GDBT is powerful. Comparing with other traditional machine learning models, GBDT can achieve better performance almost across all different experimental settings, and it obtained the best performance with the combination of both knowledge- and data-driven features.

4. 4.

Longer history barely helps. We do not observe much differences on the prediction performance on patient records with one-year observation window or full-history. This observation also explains implicitly why only one year history was used in both LACE and HOSPITAL Score models.

5. 5.

Deep learning barely helps. We have systematically investigated the performance of various deep learning models, including the variants of CNN and RNN with different representation, embedding and time-sensitive strategies. However, the best performance achieved among them is on par with the best performance of GDBT (around 0.65). The same phenomenon is also observed in Rajkomar et al.19.
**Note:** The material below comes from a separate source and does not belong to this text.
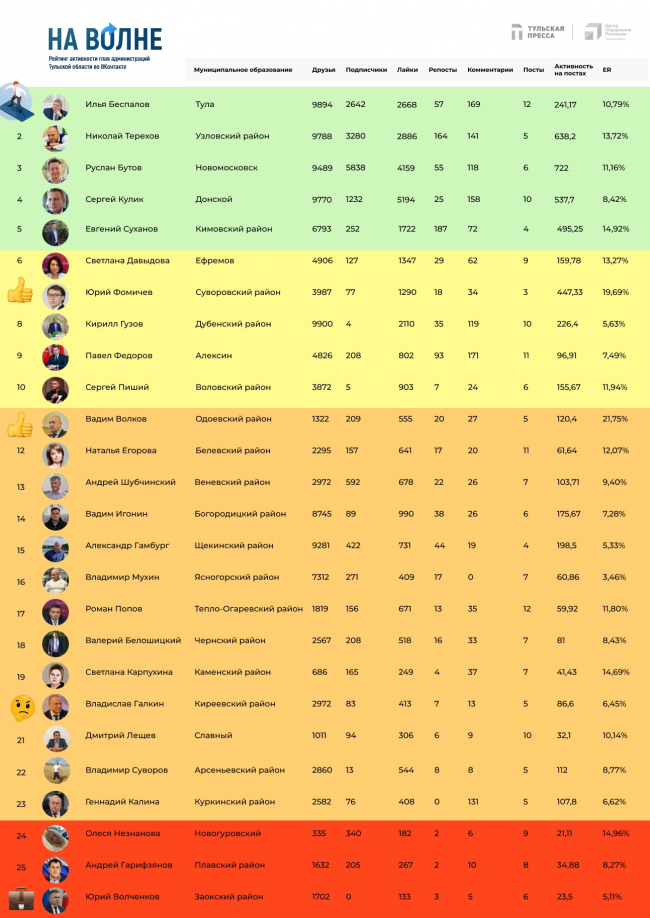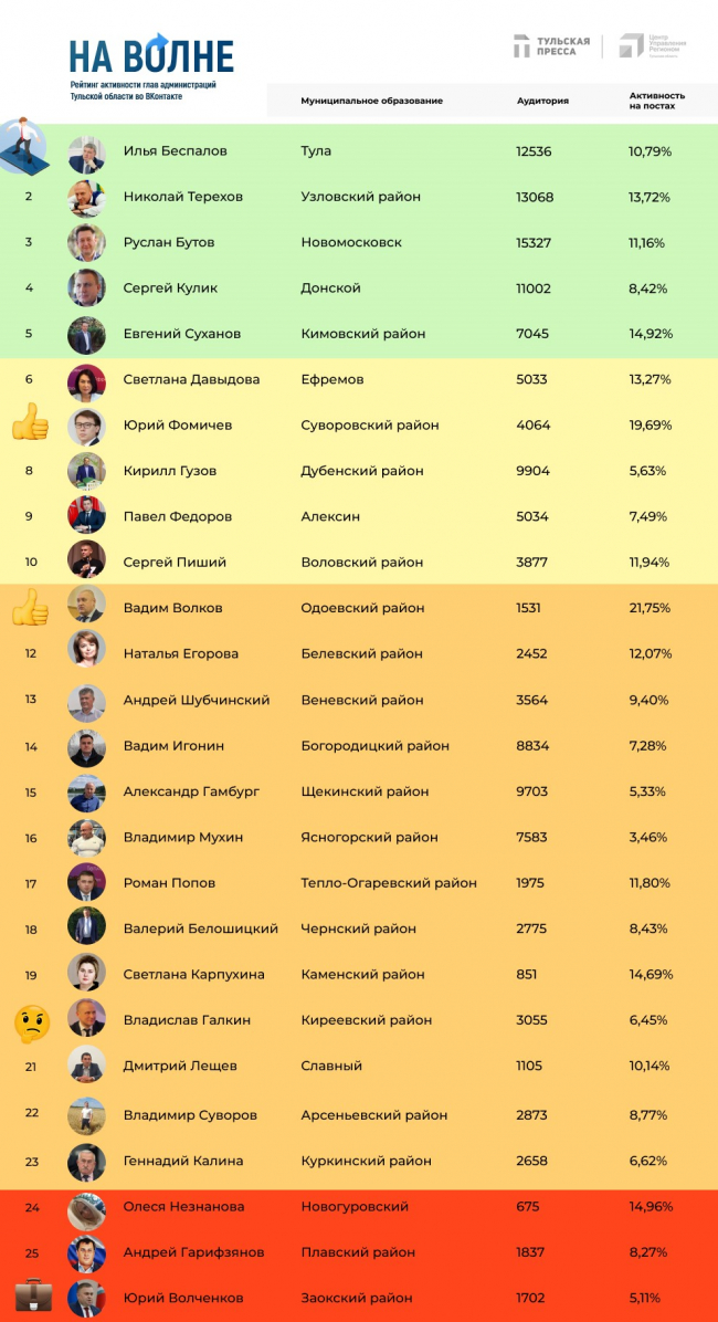 Аутсайдеры рейтинга «На волне» практически не изменились с прошлого года: вернулся в красную зону глава администрации Плавского района Андрей Гарифзянов, а замыкает список глава администрации Заокского района Юрий Волченков. Последний, несмотря на попытки вести свою страницу активно, аудитории мало интересен. Комментариев немного, и даже на них чиновник не отвечает.

With these observations, we can conclude that predicting the risk of hospital readmission is difficult based on only claims data. Machine learning models can benefit when combining patient data with clinical knowledge. This is potentially be explained from the following aspects.

1. 1.

Medicine has been a research discipline with long history. The medical knowledge people accumulated from clinical practice are invaluable and powerful.

2. 2.

Unlike other application domains such as computer vision and natural language processing, where deep learning models have been shown to be very powerful, medical problems are much more complicated and with less available training samples. This means that it is difficult to have a ‘sufficiently large’ patient dataset to train a very good machine learning model. In this case, incorporating domain knowledge into the model building process is of vital importance, and complex models do not necessarily lead to better performance as they need even more training samples.

3. 3.

The information contained in patient claims records may not be sufficient for building good hospital readmission risk prediction models. Some important and relevant clinical features, such as GOLD severity grade, are not available. More comprehensive and finer granular patient data, such as electronic health records, could be potentially more helpful.

4. 4.

Our claims data lacks mortality information of patients. In fact, hospital readmission risk and death risk are competing clinical risks, since patients that die after discharge cannot be readmitted, which makes the risk of readmission and death after discharge are often negatively linked. However, there could be some common causes for both risks (e.g., condition exacerbation), which could confuse the predictive models.

## Conclusion

We conducted a comprehensive study on predictive modeling of the 30 day readmission risk of COPD patients based on their claims records with various machine learning models. We constructed both knowledge- and data-driven features from the patients’ claim records to train the predictive models. Both traditional and modern machine learning models are investigated. The results showed that the combination of both knowledge and data driven features can lead to the best prediction performance, and complicated models such as deep learning can barely improvement the performance. Our studies verify the importance of medical knowledge in the predictive modeling process, as well as the demands for better patient data.